(Dataset items)
Content starts
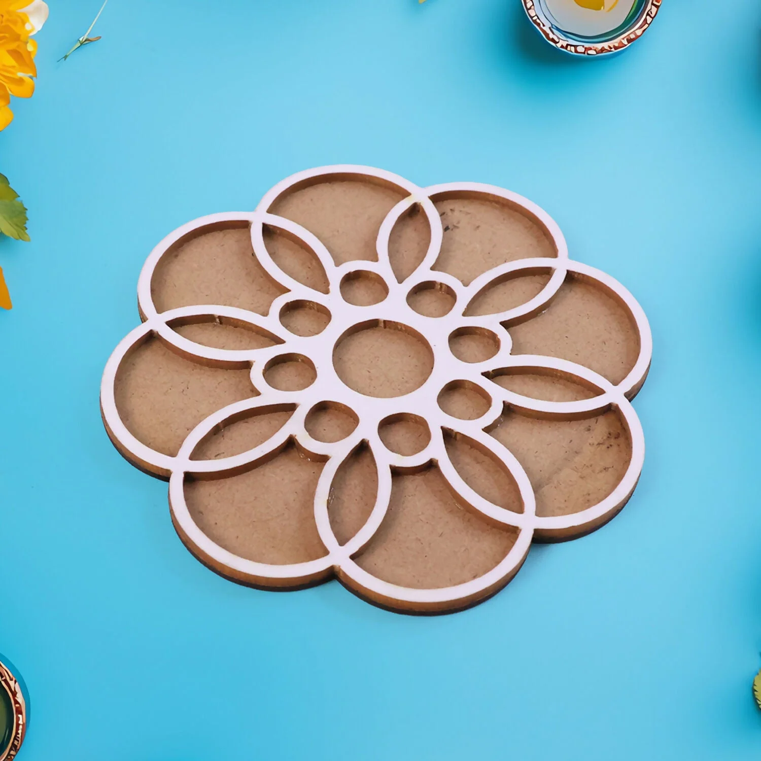 Be the first to review Wooden Rangoli Stencil | Round Petal Flower Design!
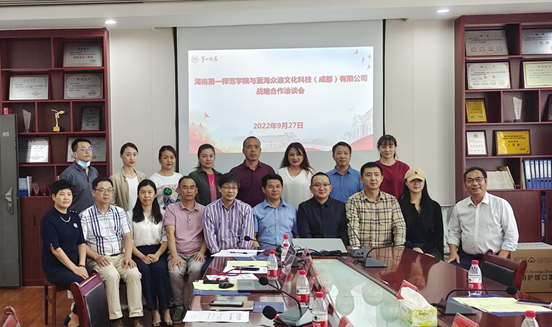 为全面贯彻落实学校办学新理念,推进产教融合,促进校企合作,提高人才培养质量,9月27日下午,我校与蓝海众浪文化科技(成都)有限公司(以下简称“蓝海众浪”)战略合作座谈会在鹤鸣楼北504会议室召开,双方就合作培养高素质艺术人才进行了深度洽谈。蓝海众浪董事长张海生、校党委委员、副校长周发明出席座谈会,蓝海众浪副总裁刘坚、董事长助理正海瑶、学校教务处与科研处负责人、音乐舞蹈学院党政领导与专业负责人等20余人参加座谈。会议由教务处处长胡春光主持。
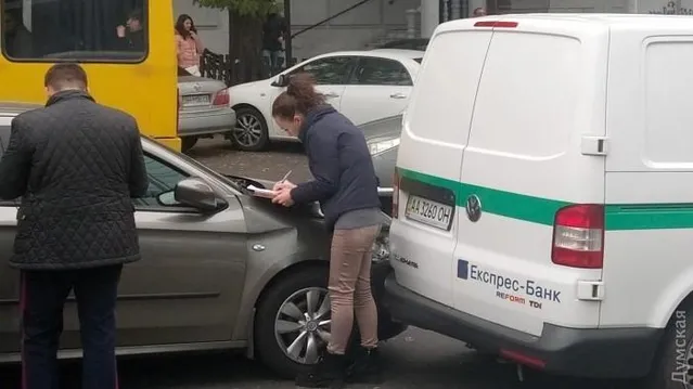 Приблизно опівдні 2 листопада на Польському спуску автомобіль марки Citroen врізався з мікроавтобус інкасаторів, пише "Думская".
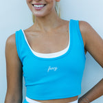 The Fancy FitFlow Performance Bra Top in Poolside blends the support of a sports bra with the ease of a cropped tank. Designed for comfort and style, it’s ideal for relaxing or hitting the gym with confidence. Enjoy a comfortable, athletic look that moves with you throughout your day.
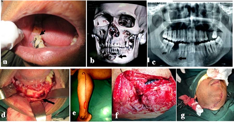 Fig-1: Photograph showing the mandibular bony defect and steps of reconstructive surgery. 1a: Absence of lower right 1st premolar tooth; 1b & 1c: Large perforation in the cortical plates as shown by CT scan and X ray; 1d: Excised mandible; 1e: The marked course of the fibula for obtaining graft; 1f & 1g: Reconstrctuted graft. Arrow indicates the lesions
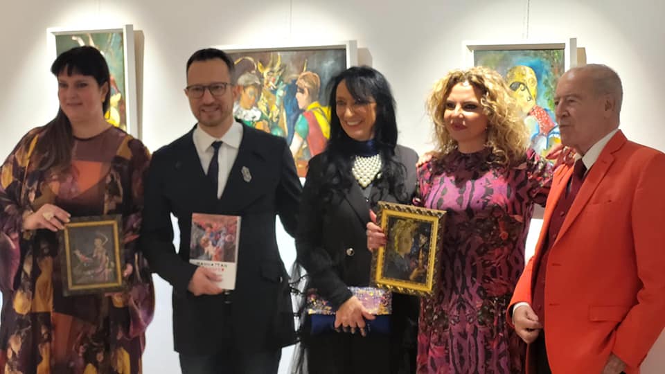 Cristoforo Russo in mostra con dodici dipinti ci confessa: «Esporre qui nel museo Venzanzo Crocetti è motivo di grosso orgoglio. Un gigante che ha attraversato l’intero ‘900 con un’energia unica: “Come posso fare per aumentare le ore del mio lavoro? – si chiedeva Crocetti – Il tempo scorre troppo veloce tra le mie mani…….a volte ho la sensazione di aver tralasciato qualcosa, come colui che uscendo di casa crede di aver dimenticato le chiavi per rientrare”. L’idea era di inserire le maschere e i costumi di Manhtattan Transfer nel contesto di Alta Moda Roma: tessuti, losanghe, colori, piume, uomini e donne in abiti suntuosi per rivivere le atmosfere carnevalesche e non solo. La moda dei balli in maschera nel XVIII secolo, a Venezia e in altre città europee erano organizzati balli in maschera in cui tutto era consentito. Quanto più una maschera era rara, tanto più veniva ammirata».
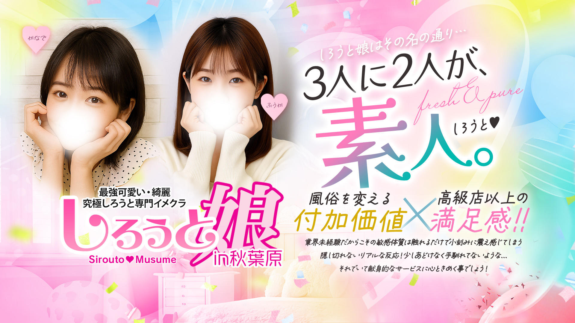 レベルの高い素人女子がたくさん在籍している『しろうと娘in秋葉原』。非常に厳しい基準で採用をクリアした女の子だけを集めている、キャストのレベルがとても高いお店です!また素人専門店なので、初々しい素人感を存分に楽しめるのもポイント。キャストがハイレベルで料金がリーズナブルということは、高級店のようなクオリティをコスパ良く堪能できるということです!最高の素人女子と遊びたい方はぜひ利用してみてはいかがでしょうか?きっと満足な時間が過ごせるでしょう。
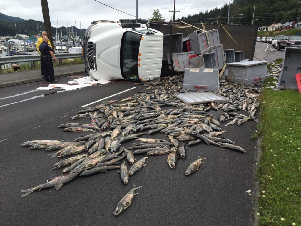“It was a medium-duty commercial truck. It was carrying a load of salmon,” Juneau Police Department Lt. David Campbell said by phone Monday.
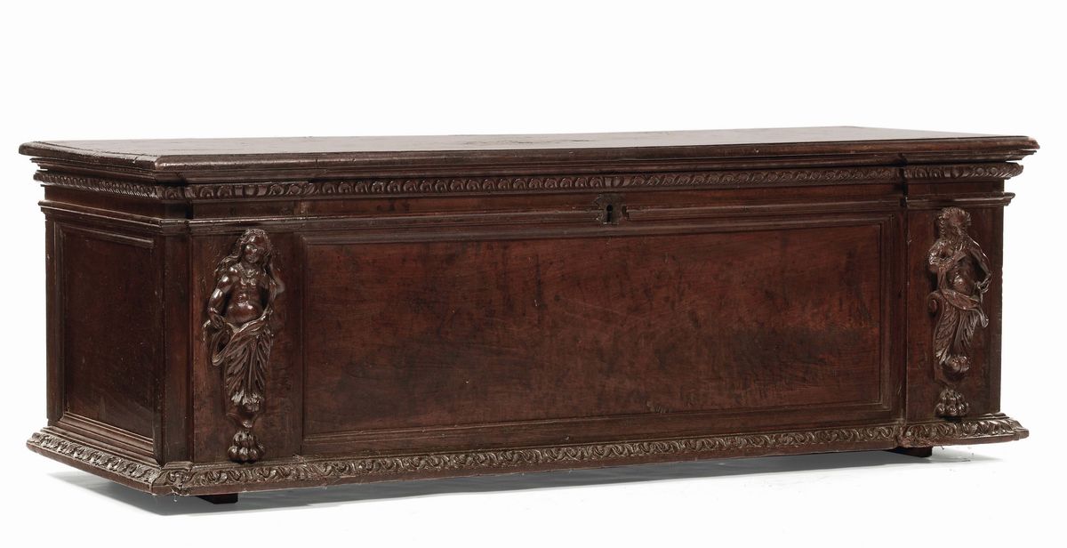 Cassapanca in noce intagliata, XVII secolo
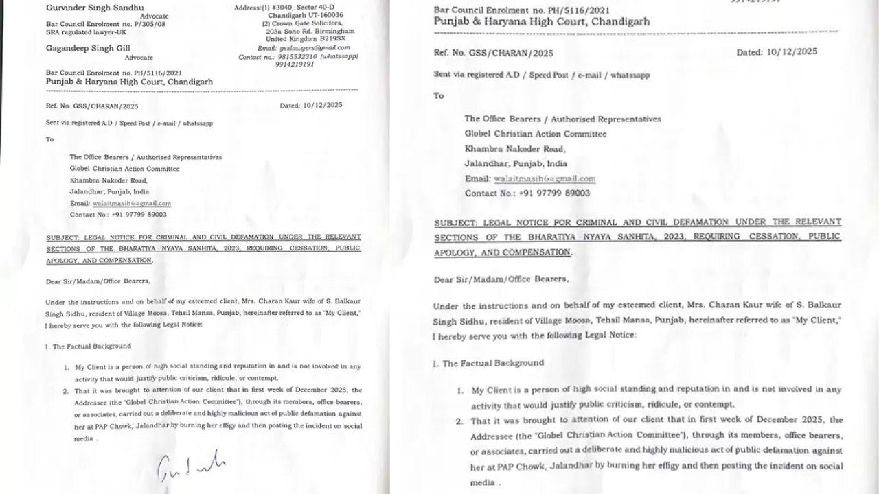 Sidhu Moosewala Mother : ਜਲੰਧਰ ਵਿੱਚ ਸਿੱਧੂ ਮੂਸੇਵਾਲਾ ਦੀ ਮਾਂ ਚਰਨ ਕੌਰ ਦੇ ਪੁਤਲੇ ਨੂੰ ਸਾੜਨ ਦੇ ਮਾਮਲੇ ਵਿੱਚ ਇੱਕ ਨਵਾਂ ਮੋੜ ਆਇਆ ਹੈ। ਸਿੱਧੂ ਦੀ ਮਾਂ ਨੇ ਆਪਣੇ ਵਕੀਲ ਰਾਹੀਂ ਕ੍ਰਿਸ਼ਚੀਅਨ ਗਲੋਬਲ ਐਕਸ਼ਨ ਕਮੇਟੀ ਨੂੰ 10 ਲੱਖ ਰੁਪਏ ਦਾ ਕਾਨੂੰਨੀ ਨੋਟਿਸ ਭੇਜਿਆ ਹੈ। ਸਿੱਧੂ ਦੇ ਪਰਿਵਾਰ ਦੀ ਨੁਮਾਇੰਦਗੀ ਕਰ ਰਹੇ ਵਕੀਲ ਗੁਰਵਿੰਦਰ ਸੰਧੂ ਨੇ ਨੋਟਿਸ ਵਿੱਚ ਪੁੱਛਿਆ ਹੈ ਕਿ ਇਹ ਕਿਸ ਦੇ ਨਿਰਦੇਸ਼ਾਂ 'ਤੇ ਕੀਤਾ ਗਿਆ ਸੀ।
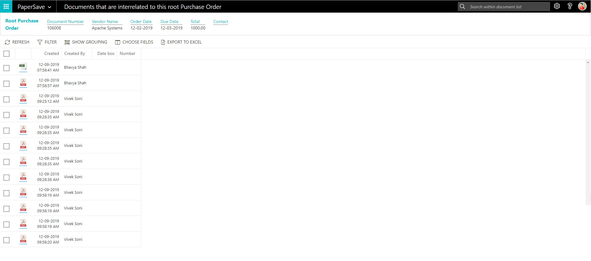 show documents from purchase order list
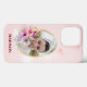 Your favourite photo is in a floral frame with gold details and a pink background with hearts. Optional monogram
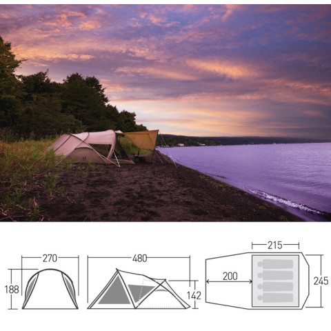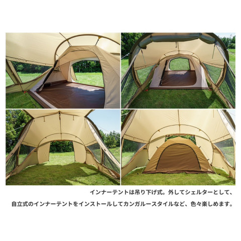 ด้วยดีไซน์ทรงสูงโปร่ง ให้พื้นที่ภายในกว้างขวาง เดินยืนในเต็นท์ได้สะดวก จัดเลย์เอาต์ภายในได้หลากหลาย ทั้งวางเตียงสนาม ที่นอนเป่าลม หรือจัดเป็นมุมนั่งเล่นสำหรับครอบครัวก็ทำได้สบาย ตัวเต็นท์ใช้โทนสี แซนด์เบจ x น้ำตาลเข้ม เข้ากับธรรมชาติ ดูอบอุ่นและหรูหราในเวลาเดียวกัน
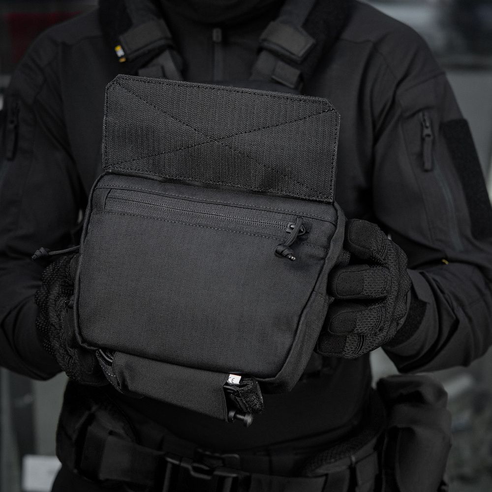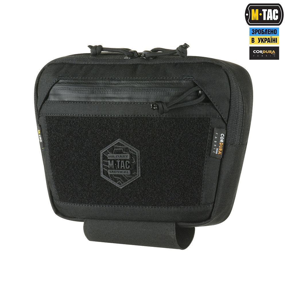 Сумка-напашник має 3 відділення, які дозволяють вмістити речі першої необхідності. В даній генерації дизайнери бренду передбачили фронтальну велкро панель, по центру якої розміщений стильний шестикутник із логотипом бренду. Додатково в задню кишеню сумки-напашника можна встановити М-Тас балістичний пакет 1А класу (в комплекті не йде). Знизу виробу є еластичне кріплення для турнікета.
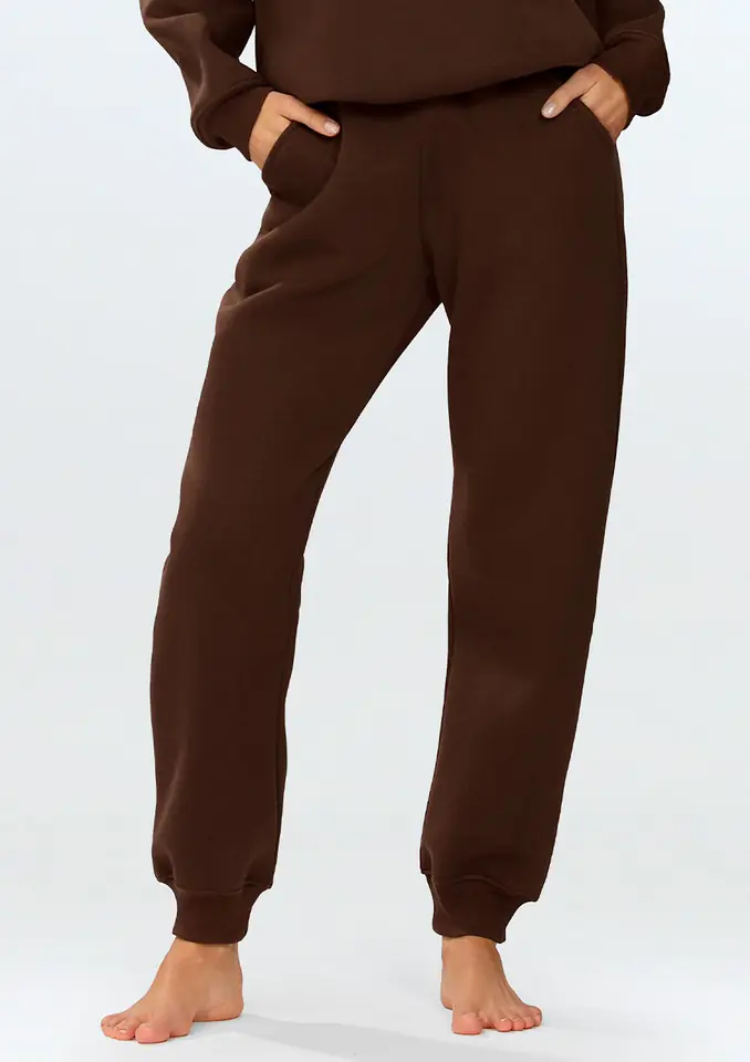 Spodnie Rehema CZEKOLADA BAWEŁNA GRUBA kolor czekolada, rozmiar S
Content ends
#### [Work order]
Write out, exactly and with nothing added, every line from the one that holds "show documents from purchase order list" to the end of the entries above; pictures stay out.

#### [Reply]
 show documents from purchase order list
 Your favourite photo is in a floral frame with gold details and a pink background with hearts. Optional monogram
 ด้วยดีไซน์ทรงสูงโปร่ง ให้พื้นที่ภายในกว้างขวาง เดินยืนในเต็นท์ได้สะดวก จัดเลย์เอาต์ภายในได้หลากหลาย ทั้งวางเตียงสนาม ที่นอนเป่าลม หรือจัดเป็นมุมนั่งเล่นสำหรับครอบครัวก็ทำได้สบาย ตัวเต็นท์ใช้โทนสี แซนด์เบจ x น้ำตาลเข้ม เข้ากับธรรมชาติ ดูอบอุ่นและหรูหราในเวลาเดียวกัน
 Сумка-напашник має 3 відділення, які дозволяють вмістити речі першої необхідності. В даній генерації дизайнери бренду передбачили фронтальну велкро панель, по центру якої розміщений стильний шестикутник із логотипом бренду. Додатково в задню кишеню сумки-напашника можна встановити М-Тас балістичний пакет 1А класу (в комплекті не йде). Знизу виробу є еластичне кріплення для турнікета.
 Spodnie Rehema CZEKOLADA BAWEŁNA GRUBA kolor czekolada, rozmiar S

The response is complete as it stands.